National Fisheries Research Institute (NaFIRRI) in partnership with two sister institutes of Kenya and Tanzania conducted a stock monitoring survey in Lake Victoria. The survey which is done annually lasted for 30 consecutive days

The Director NaFIRRI, Dr. Anthony Taabu-Munyaho while addressing members of the press at the Uganda Media Centre on Wednesday said that selected scientists from the three countries traversed the entire lake scanning and counting all the live fish under water using echo-sounders mounted on a big research vessel.

The results of the survey which was conducted from September 8 to October 7, 2017 include: a 30% increase in the quantity of Nile Perch relative to last year’s report, the Haplochromines (Nkeje) were also found to have increased with almost double the biomass recorded in 2016.

The increase in Nile Perch is at 1.12 million tonnes from 0.85 million tones in 2016. Nonetheless, majority of them have remained small in size i.e. less than the minimum length of 50 cm permitted by law for harvest. There is also an upper limit of 85 cm where no one should harvest fish bigger than that as they would be harvesting the mother fish that should be left to produce more fish.

However, the biomass of silver fish ‘Mukene’ has continued to decline in the last four years being at 0.7 million tonnes in 2017 down from 1.39 million tonnes in 2015. Munyaho said that this is likely to be a result of the fact that it is short-lived specie, is easy to target and over harvest, and is prey for the Nile-Perch. On the lighter side, Mukene has a high regeneration and turnover rate, hence recovering quickly.

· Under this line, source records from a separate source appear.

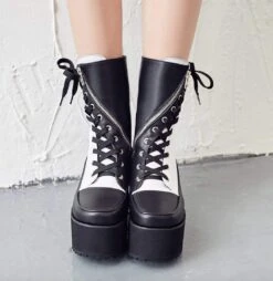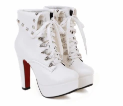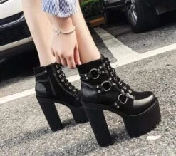 The round toe style and the Lace up closure makes it beautiful. Have you seen the design on these? And the belt decoration are an absolute need. These may look dangerous but these have the inner lining of cotton so that you have no troubles standing for hours in concerts.Â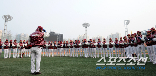 2012시즌을 앞둔 넥센이 시무식과 새해 첫 훈련을 9일 목동구장에서 가졌다. 오전 10시40분에 시작된 시무식에서 이장석 대표는 "올해가 5시즌째다. 이제는 기대를 갖고 지켜보겠다"고 신년사를 했다. 이어 김시진 감독은 "올해는 변신의 해다. 말보다 행동이 앞서도록 노력하자"고 당부했다.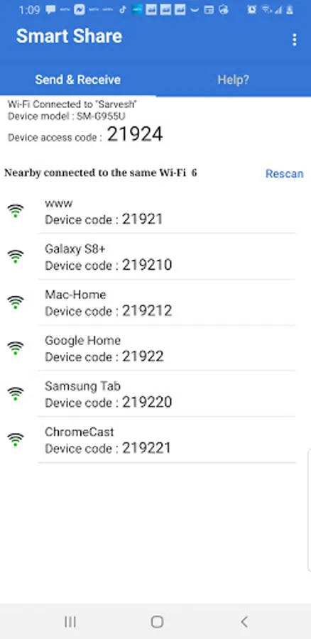 4. Smart Share app will find nearby devices connected to same Wi-Fi and Send and Receive file between two devices connected to Same Wi-Fi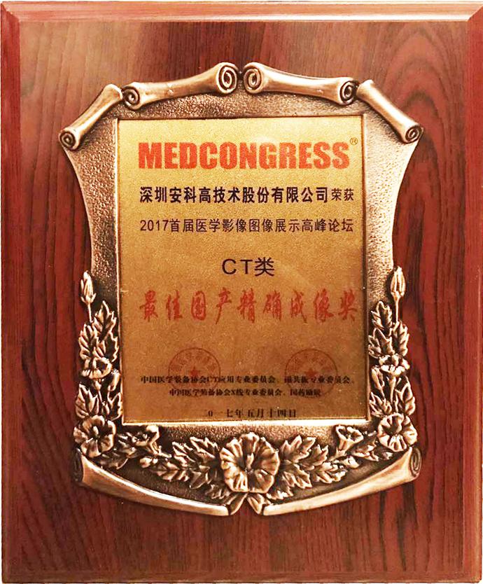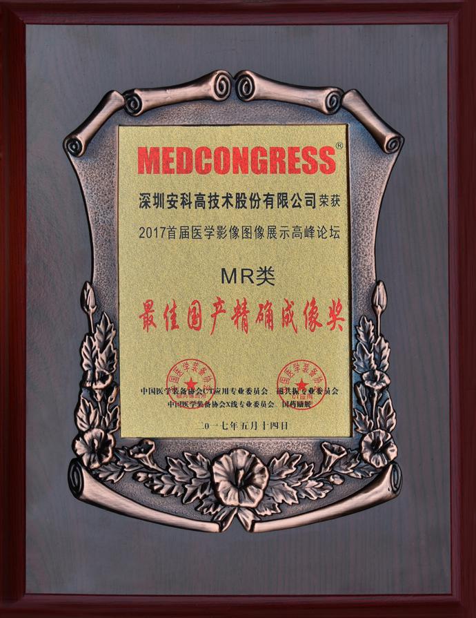 近几年来,国家政策频出,医学影像诊断中心、分级诊疗、医联体建设即将迎来爆发期,为促进中国医学影像事业发展,以及为众多患者提供高清质量医学影像诊断技术,本次高峰论坛从医院用户角度就X光、CT、核磁、AI、创新等领域征集了大量优秀医学图像案例,并从学术角度进行专业点评,同时向优秀企业代表颁发荣誉证书。作为中国MRI/CT产业的开创者和领军企业,深圳安科高技术股份有限公司凭借雄厚的实力和精准的图像质量荣获本次MRI/CT类两项“最佳国产精确成像奖”。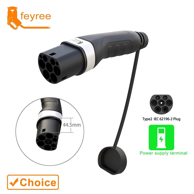 feyree EV Charger Type2 Male Charger Plug for Power Supply Side 16A 32A 1 Phase IEC62196-2 Adapter 11KW 22KW 3Phase Electric Car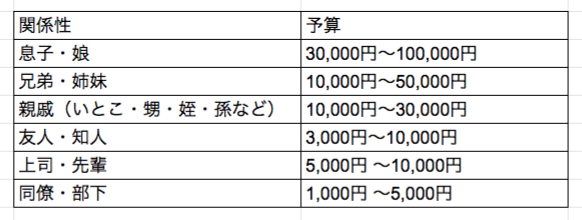 ここからは、出産祝いの品物の選び方についてご紹介します。 贈り物を選ぶとき、まず決めたいのが「予算」。いくらぐらいのギフトを贈ればよいか悩むかもしれませんが、出産祝いの金額の相場は下記のようになります。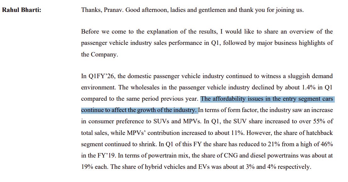 For a company built on small cars, it almost felt like Maruti had stopped believing in them. For a while, they’d been saying the same thing — that affordability had collapsed, that the middle class had stalled, that first-time buyers weren’t coming back. So when small cars suddenly started moving again, it wasn’t just demand reviving. It was Maruti rediscovering its own audience. The GST cut in September helped, of course. It made the numbers line up again for people who’d been priced out. But the bigger shift was emotional: the company that had written off the bottom of the market was now seeing it come back to life right in front of them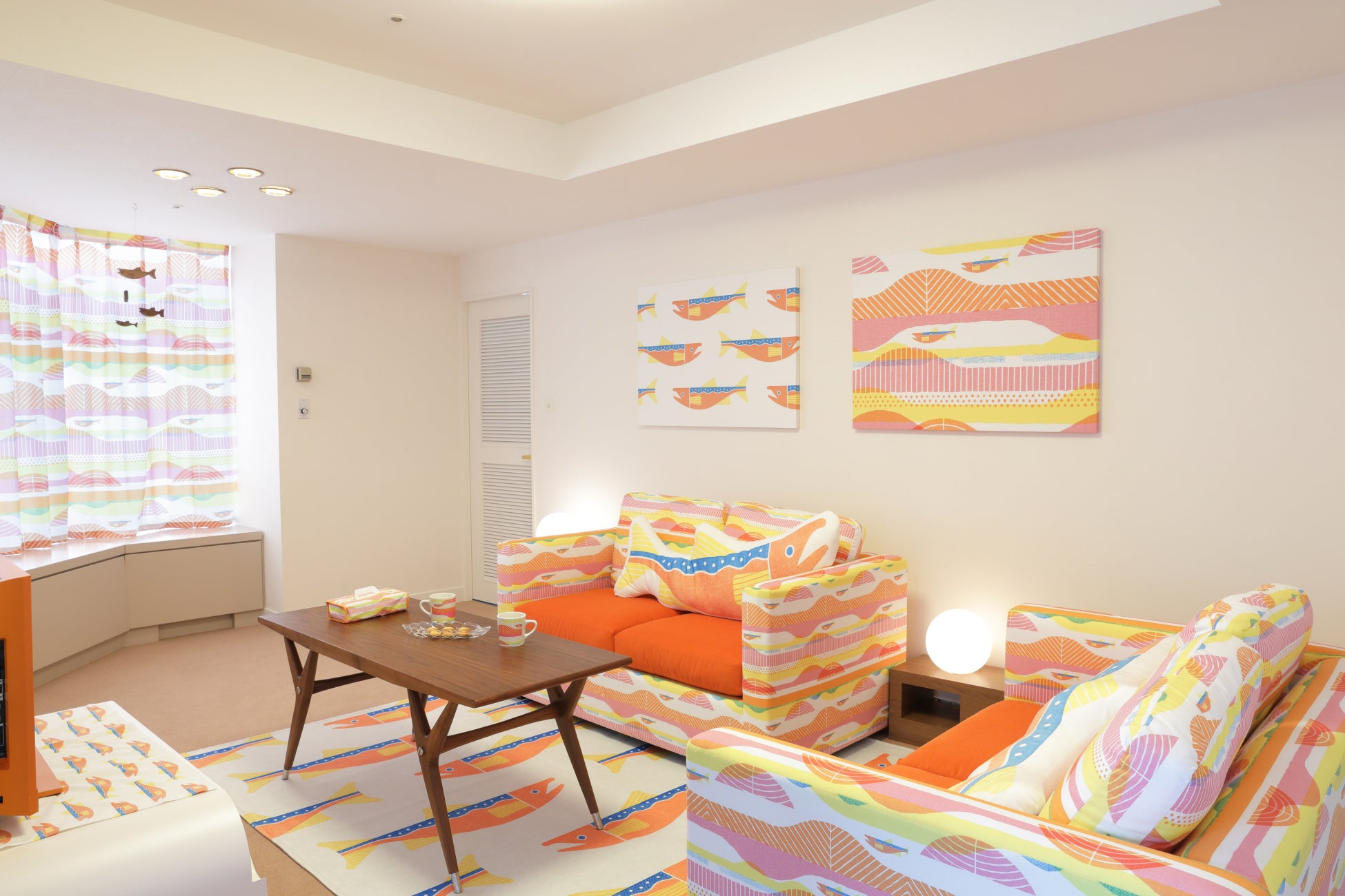 秋の北海道を代表する食材の1つである鮭を、滞在を通して感じていただきたいという思いで、2017年9月に誕生した客室です。客室には、鮭の切り身や姿を基調としたデザインのソファやカーテン、クッションやマグカップなどを設えています。ベッドルームは、川を泳ぐ鮭を表現した空間です。ベッドフレームには、川で鮭を狙う親子のクマが描かれており、鮭の顔がデザインされたナイトキャップとパジャマを着ると、鮭になった気分を味わえます。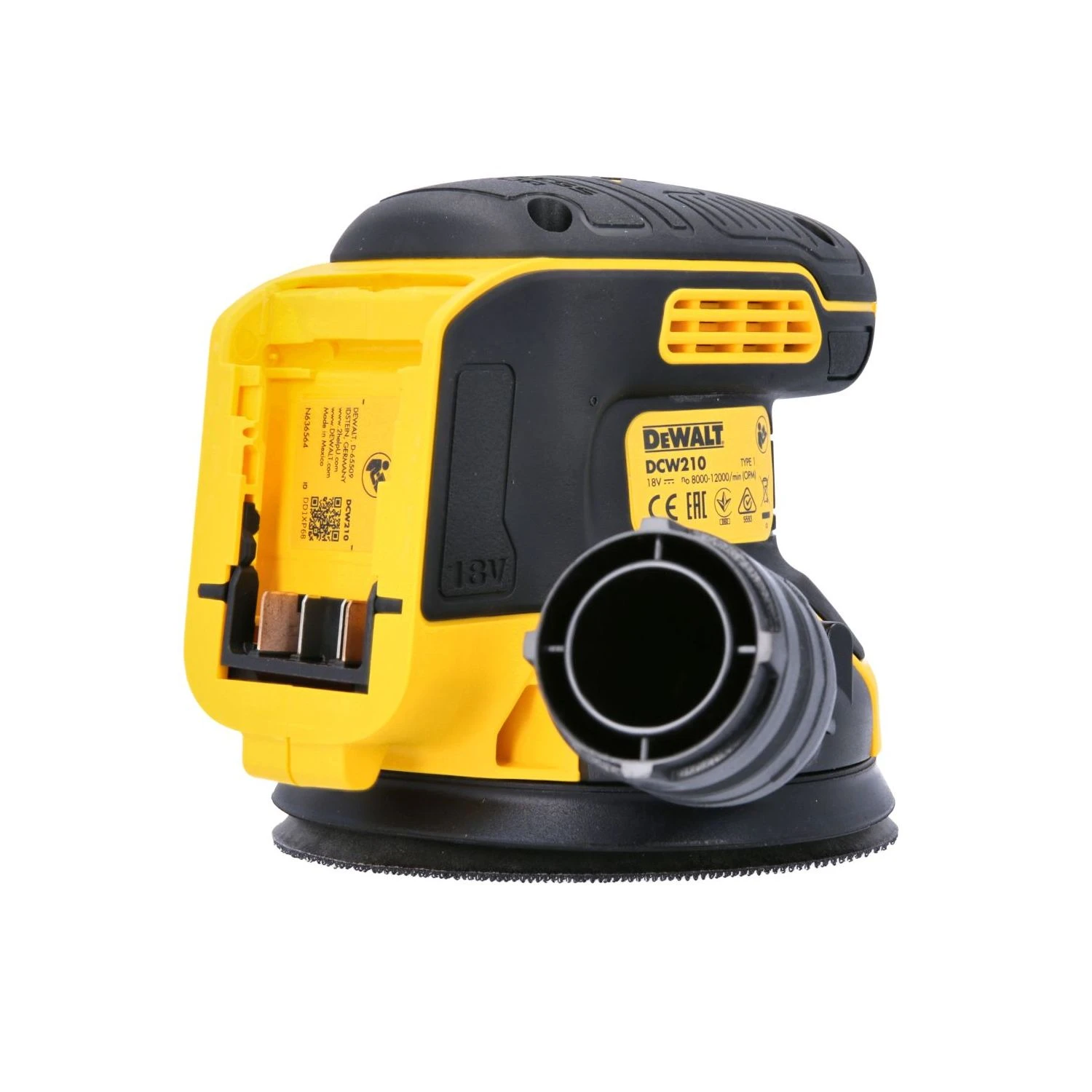The Dewalt DCW210N-XJ is an 18v XR Li-ion Brushless 125mm Random Orbital Sander. Ideal for a wide variety of sanding applications, both stock removal and ultra-smooth finishing. The precision engineered brushless motor delivers thepower to meet the demands of the toughest applications. A variable-speed dial provides ultimate speed control from 8,000 – 12,000 OPM for a variety of projects. One-handed locking dust bag attaches securely to the sander to aid in dust collection or the user can attach the sander directly to a dust extractor. Rubber over-mould grip provides comfortable sanding. Replacement 8-hole hook-and-loop sanding pad for quick, easy paper changing. Supplied with fixed backing pad and dust bag. Body Only / Naked machine, supplied without batteries or charger.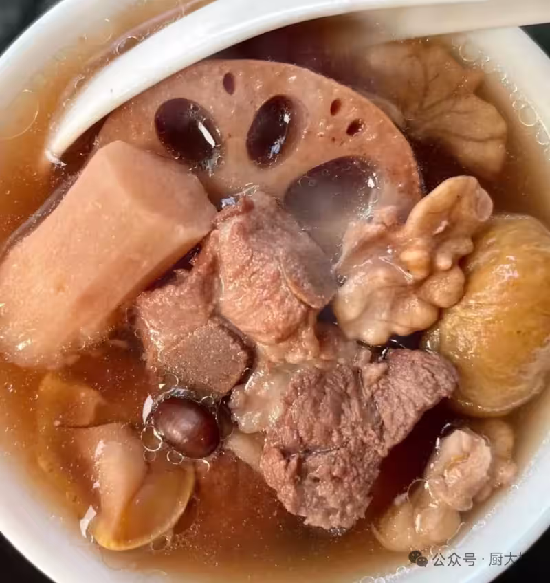 食材: 排骨,蓮藕,板栗,黑豆,紅棗,核桃,淮山 做法: ①排骨焯水,蓮藕切段 ②所有食材洗凈放入鍋中 ③加適量溫水大火煮沸轉小火1小時 ④出鍋前加入鹽調味即可,(可燉可煲)味道好極了

Tilapia’s (ngege) biomass is not determined using echo-sounders due to their restricted distribution in shore shallow areas but their catch rates are found to have dropped significantly since 2005.

Taabu-Munyaho mentioned some of the key recommendations to ensure a great improvement in the biomass; he pointed out the need for sustained enforcement efforts to ensure continued recovery for Nile perch fish, restricted harvest of Nkejje to sustain Nile perch recover.

To recover mukene, he mentioned the need for restriction of fishing within 2km from the shore and abolishing the use of illegal fish finders, he also talked about the need to protect the breeding zones and diversify into cage fishing.

The Commissioner Fisheries Resources Management, Dr. Edward Rukunya said that to curb fishing related crimes, there has been a fisheries court set up in Kampala to deal with all criminals of illegal fishing, fish poisoning, illegal exportation of fish among others. He further mentioned the intentions to put more fisheries courts in the country especially in areas near the borders.

Fishing in Uganda is ranked number two after coffee for being the largest agricultural foreign exchange earning product. With Tourism in the top position for Uganda’s Foreign Exchange earnings, fish brings in an approximate amount of USD.113m from exporting 17,000 tons annually.

According to Taabu-Munyaho, Uganda’s foreign exchange from fish was highest in 2005 where it earned USD.143M.